What the exercise asks:
Starting with the first line of the data below, copy each line up to and including the one containing "Количество предметов: 14". Pictures stay out.

Dataset section:

===

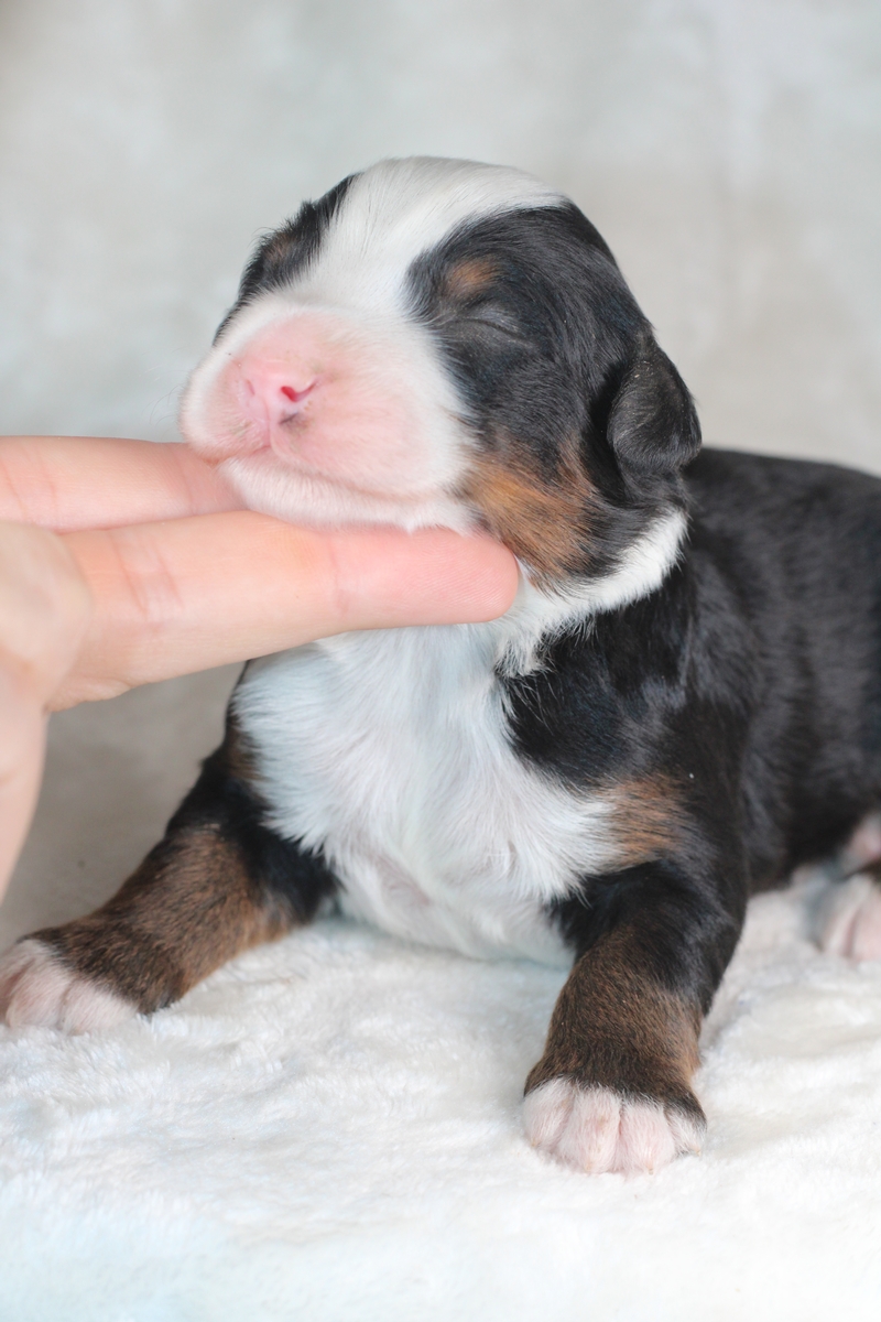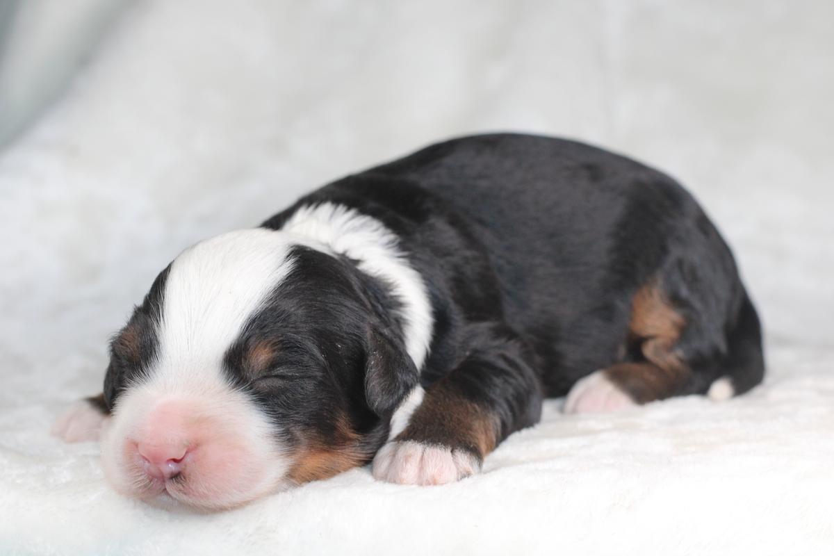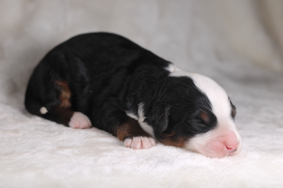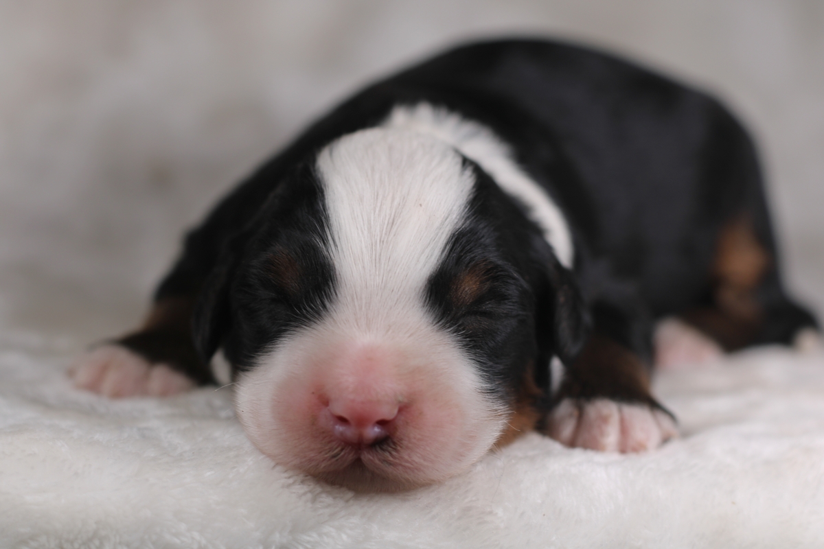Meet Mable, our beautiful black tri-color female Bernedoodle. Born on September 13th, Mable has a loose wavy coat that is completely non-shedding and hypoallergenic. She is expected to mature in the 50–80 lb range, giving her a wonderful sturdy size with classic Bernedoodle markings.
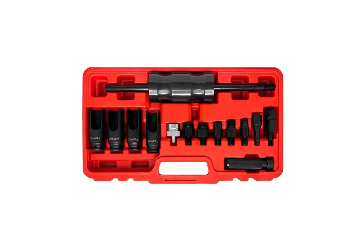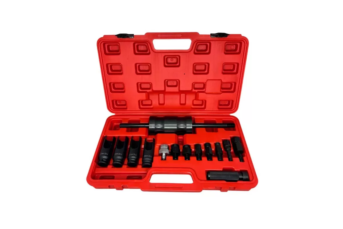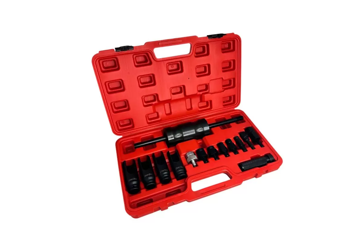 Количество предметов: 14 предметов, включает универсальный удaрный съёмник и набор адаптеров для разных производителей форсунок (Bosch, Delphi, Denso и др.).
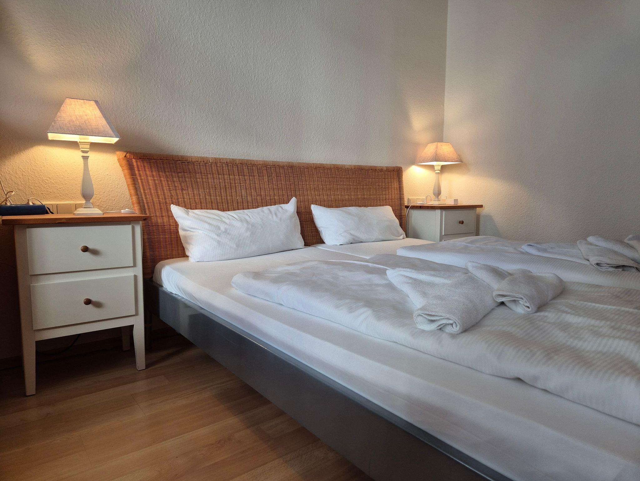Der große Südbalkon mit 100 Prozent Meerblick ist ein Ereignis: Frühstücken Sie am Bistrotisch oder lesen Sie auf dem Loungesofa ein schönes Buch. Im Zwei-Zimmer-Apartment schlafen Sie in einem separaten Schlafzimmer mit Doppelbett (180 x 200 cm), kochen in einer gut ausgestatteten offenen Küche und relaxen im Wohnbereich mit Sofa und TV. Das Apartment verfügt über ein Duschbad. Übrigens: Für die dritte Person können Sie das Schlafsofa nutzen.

===

Output of the exercise:
Meet Mable, our beautiful black tri-color female Bernedoodle. Born on September 13th, Mable has a loose wavy coat that is completely non-shedding and hypoallergenic. She is expected to mature in the 50–80 lb range, giving her a wonderful sturdy size with classic Bernedoodle markings.
 Количество предметов: 14 предметов, включает универсальный удaрный съёмник и набор адаптеров для разных производителей форсунок (Bosch, Delphi, Denso и др.).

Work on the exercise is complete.